A University of Central Florida researcher has discovered that altering a receptor that mediates communication between nerve cells in the brain significantly improves animals’ chances of surviving strokes and allows them to remain healthier afterwards.

YouMing Lu, a professor at the UCF Burnett College of Biomedical Sciences, is hopeful that changing the genetic blueprint of AMPA receptors can help to block lethal flows of calcium into neurons of human stroke victims.

If administered within a few hours of cardiac arrest, such therapies could prevent brain damage. Given later, the therapies could speed up the regeneration of neurons to replace ones killed by the stroke. In both cases, the primary goal is to help patients avoid brain injuries after strokes.

AMPA receptors that are located at the surface of nerve cells are normally responsible for learning and memory formation. During strokes, however, the receptors become toxic to nerve cells.

"We’re trying to find out what the major toxic aspects of these receptors are so we can rescue neurons without damaging learning and memory formation," Lu said.

Lu’s research was published in the March 2 issue of Neuron, a prestigious biomedical research journal. Lu and his research team at UCF and the University of Calgary are trying to determine the molecular functions that lead to receptors opening up and enabling large, lethal flows of calcium to reach neurons after strokes.

The calcium flows occur in the hippocampus of the brain, an area that is critical for learning and memory processes. The dilemma for researchers is to figure out how to protect neurons from the lethal doses of calcium without causing more damage to learning and memory.

Lu’s approach of modifying one part of the genetic blueprint of the AMPA receptor protected the brain in tests with mice and rats, which experience the same pattern of brain damage after cardiac arrest as humans do, Lu said. More tests in animals would be done before clinical trials are conducted.

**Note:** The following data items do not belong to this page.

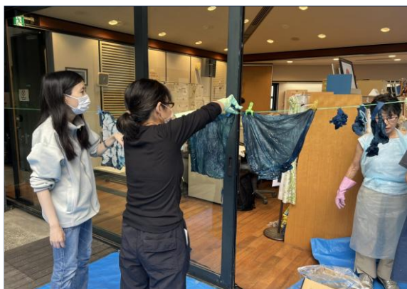
藍講座(第3回目) 10月18日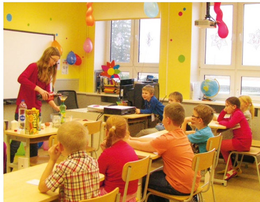
Фотография: основная школа в Сауга

Общая стоимость системы земляного отопления составила 62 000 евро и KIK поддержал эту инициативу из средств программы по охране окружающей среды в половинном объёме.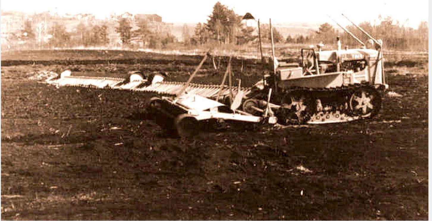
Umgebauter Steyr - Traktor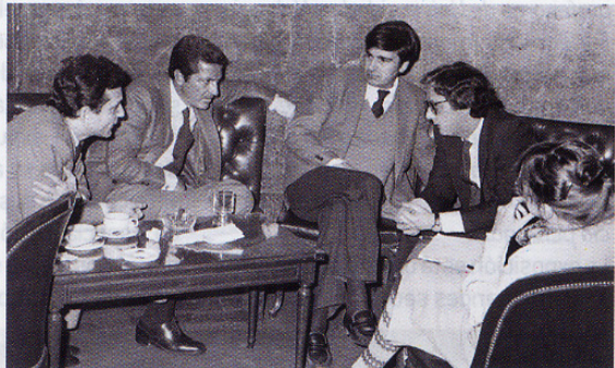
ERNEST LLUCH CON ADOLFO SUÁREZ, BENEGAS Y OTROS POLÍTICOS DE LA TRANSICIÓN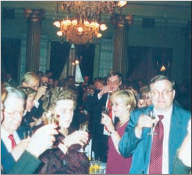
Malja juhlivalle yhdistykselle.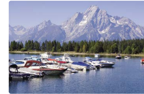
Bahía Colter, Parque Nacional Grand Teton

Días 13/14 > A una escasa distancia de la entrada sur del Parque Nacional de Yellowstone se encuentra el Parque Nacional de Grand Teton, dominado por los majestuosos Tetons, una estribación de las famosas Montañas Rocosas. En los confines del parque, el 'oeste cosmopolita' de Jackson nos recibe con sus aceras de madera, arcos de cornamentas de alces y tiendas que van desde lo más moderno a lo tradicional. 40 millas (64,36 km) hasta el camping Colter Bay Village RV Park ★ Recorrer las 42 millas (67,5 km) (67,5 km) de la ruta panorámica a través del parque para dejarnos cautivar por una sucesión de maravillosas vistas. Al final del día, pasarnos por el bar Jackson's Million Dollar Cowboy – las banquetas están hechas con sillas de montar auténticas. http://www.gtcl.com/rv/colter-bay-rv-park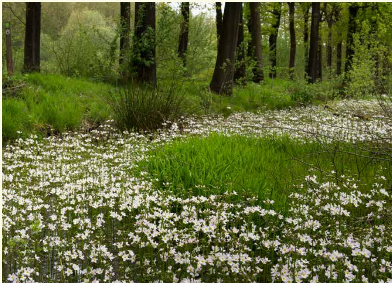
Waterviolier groeit met prachtige, fijne bloemetjes op het water en is een typische soort voor kwelwater

Je stapt langs deze waterloop tot aan de spoorweg. Als je verderop links afslaat, weg van de spoorweg, vind je aan je linkerzijde een zeer nat wilgenstruwelenbos. In de ondergroei staan soorten typisch voor deze natte bossen zoals moeraszegge, zompzegge en ijle zegge.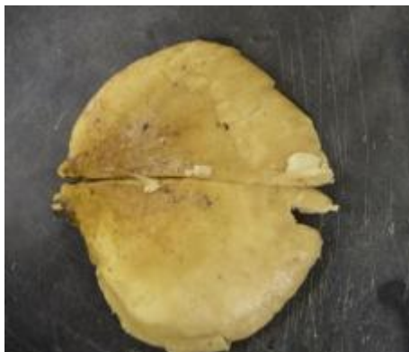
図鑑より色が薄い場合があります。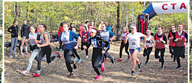
Традиционный легкоатлетический кросс профсоюзов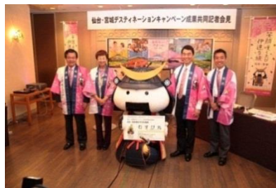
仙台・宮城デスティネーションキャンペーン

キャンペーンを盛り上げるため、中心部商店街にフラッグ及び横断幕の掲出を行いました。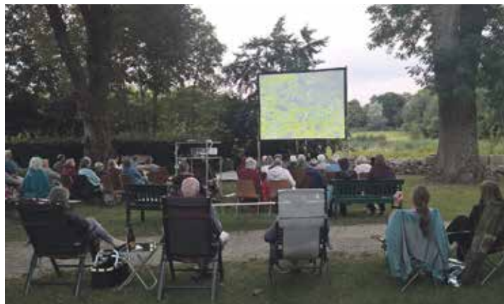
Der Naturerlebnisraum „Historischer Pfarrhof Schönwalde“ bietet eine imposante Kulisse für die vierte Auflage des Kinosommers.

schen den 45 Minuten langen Dokumentationen wird es die Gelegenheit für eine Erfrischung und den Austausch geben. Der Verkaufserlös der Snacks und Getränke trägt zum Erhalt und zur Entwicklung des Naturerlebnisraumes bei. Der Eintritt zum Kinosommer ist frei, Spenden sind jedoch willkommen. Bei schlechtem Wetter werden die Filme auf einer Großleinwand in der Schönwalder Kirche gezeigt. „Die Natur-Dokumentationen der BBC gehören regelmäßig zu den mit Preisen ausgezeichneten Produktionen. Auch deshalb haben wir uns entschieden, in die-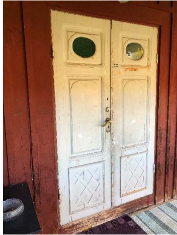
Figur 27. Dörr på östsidan.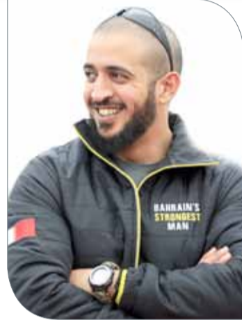
سمو الشيخ خالد بن حمد

وقال سموه: "لعلنا اخترنا أن تكون فكرة هذه البطولة في نسختها الثانية مغايرة عن النسخة الماضية، حيث وجهنا الدعوة لجميع الشباب البحريني بالتسجيل والمشاركة بمنافسات التصفيات التأهيلية للبطولة، التي ستمنح المشاركين فرصة المنافسة على حجز مقعد لها في المنافسات النهائية التي ستقام في فبراير 2019. فهذه الفكرة ستضفي مزيدا من التشويق والإثارة والتحدى وستخدم تحقيق مساحة أكبر لأهداف هذا الحدث بالمجتمع البحريني".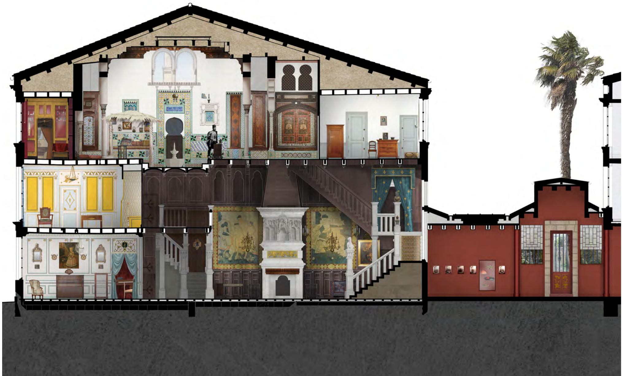
Ensemble de la maison : projet de restauration.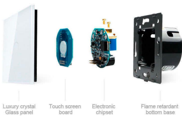
Luxury crystal Glass panel

Perceive the essence through the appearance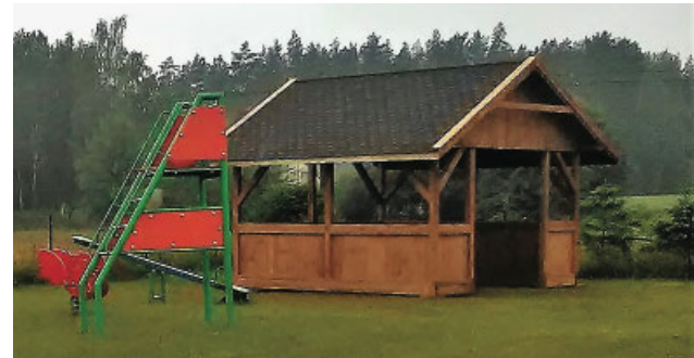
W ramach środków z funduszu sołeckiego w sołectwie Jany została wykonana wiata rekreacyjna

W Rudziach (sołectwo Nasuty) powstał plac zabaw. Teren pod inwestycję nivelowano. Zakupiono i zamontowano zabawki – dwie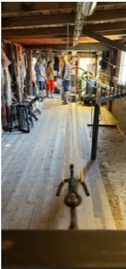
Hos Sankta Annas Gille i Åhus fick vi lära oss att tillverka rep av hampa med hjälp av bl a en "träskalle".

Lu conducted his research with funds from the American Heart Association, plus other grants from the UCF presidential equipment fund, the Heart and Stroke Foundation of Canada and the Canadian Institute for Health Research. Lu’s research has potential future applications for Alzheimer’s disease and other neurological illnesses. Drug therapies for those diseases also could improve learning and memory by inducing the regeneration of neurons.

Lu began his research about six years ago at the University of Calgary. He moved to the University of Central Florida 1 1/2 years ago, when the university began hiring more faculty members in the Burnett College of Biomedical Sciences to develop a foundation for a new medical college at UCF.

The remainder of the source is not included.